Lesson one: It’s one thing to do fetish. It’s one thing to do several fetishes. Just because you’re into them all doesn’t mean they make any kind of sense together. For example: Stockings/nylon, tease and denial, and spankings (receiving. Yep - told you I’m a switch).

I could’ve gone for two out of three and been fine. What the hell?

Lesson two: Nobody takes a generalist seriously anymore, not even in phone sex. If they can’t remember what you “do” they won’t remember you, end of story. I haven’t been the only one who’s launched this month with a slightly generalist approach and fallen flat. I didn’t advertise as anything goes from “suck and fuck” to GFE to hardcore domme, no, but clearly I wasn’t clear enough about who I am and what my style is.

Part of the problem with that is that my sexual interests are all over the map, and some of the things that I do are seen as contradictory. That doesn’t matter.
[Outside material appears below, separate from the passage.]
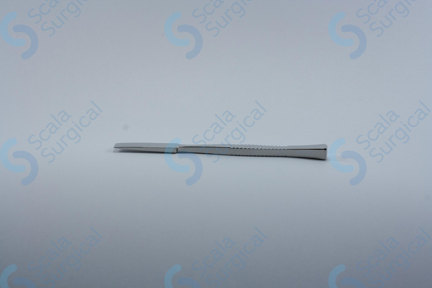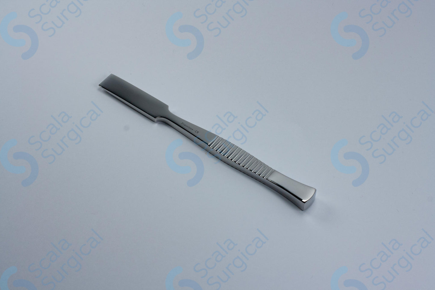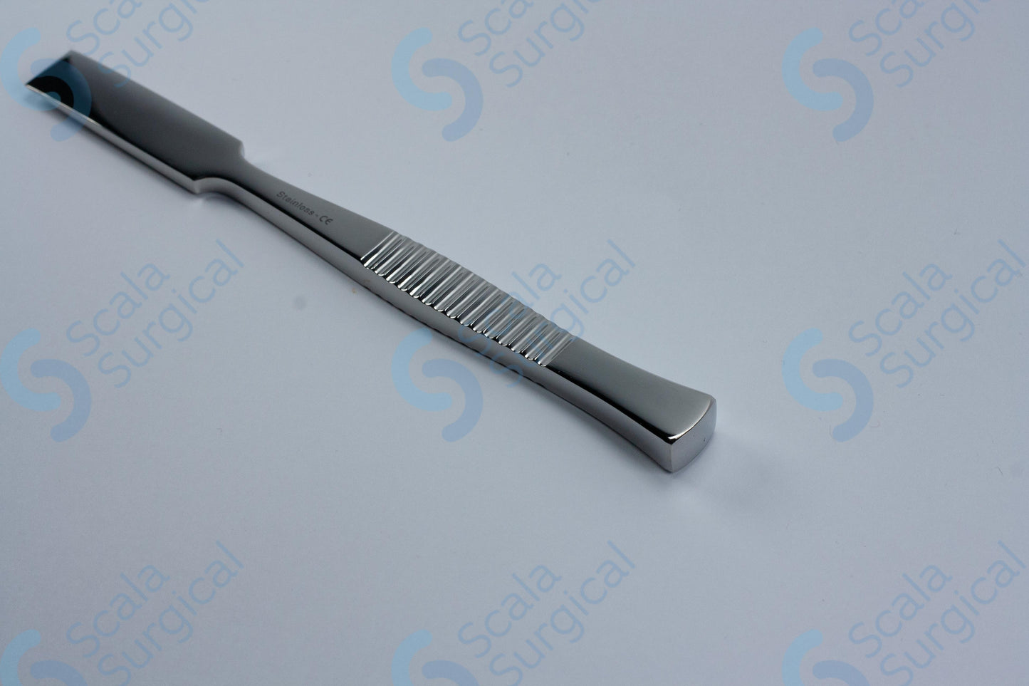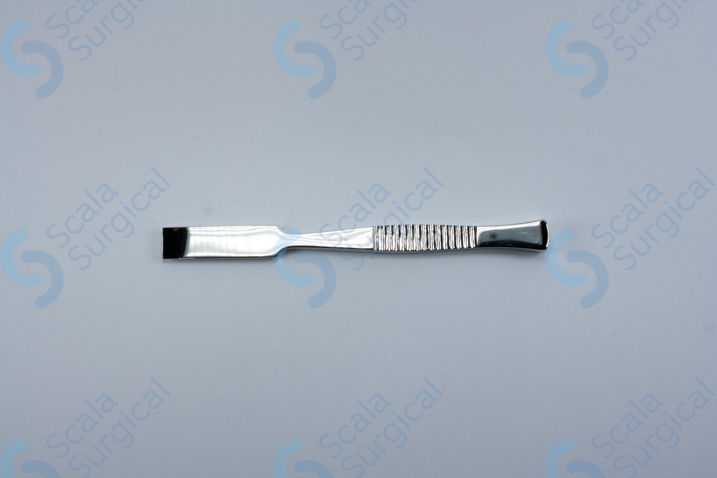 Bone chisels with a square grooved handle and a chisel width of 12mm (139.7mm or 5? inch) are used in the surgical field to cut, shape, and remove bone. They are typically used in orthopedic and trauma surgery, as well as in other procedures such as joint replacement, spinal surgery, and plastic surgery.

I have to not only condense my sexual personality to a two paragraph ad, I have to clarify it. A list of keywords isn’t going to do it obviously and neither will trying to draw four completely different types of stocking callers, plus lingerie guys, with the same ad. Wearers, stocking sex lovers, dominant guys who like nylon wearing victims and submissives who are into teasing, footjobs, or sniffing stockinged feet are not looking for the same sexual attitude, just the same material. Somebody looking to be driven mad by upskirt views, flashed stocking tops, and footjobs left unfinished might be completely turned off by that tease getting bent over and paddled hard.

Lesson three: Know who you are (simply, and make it clear) before you try to communicate it to anyone else.

Thankfully that was a beta launch - I was quiet and obscure about it for a reason, obviously. I have a fear of fucking up in public. Of course now that I’ve done it you all get to learn from it. A win all around?

The Niteflirt site is extremely saturated, as is the phone sex market in general. That said there is always room for a new idea. Maybe it’s different for girls who rely on broad-based advertising, but for a small-time gal like me I need a way to stand out. Other than my sheer obnoxiousness, that is. Maybe the anything goes apprach still works for a lot of sex workers but I’m going to have to find a better way to communicate what I’m into in a way that will inspire like-minded perverts to shell out $1.99 a minute to keep my pasty ass in silky red panties.

Both ass and panties will be making their regularly scheduled appearance in tomorrow’s video.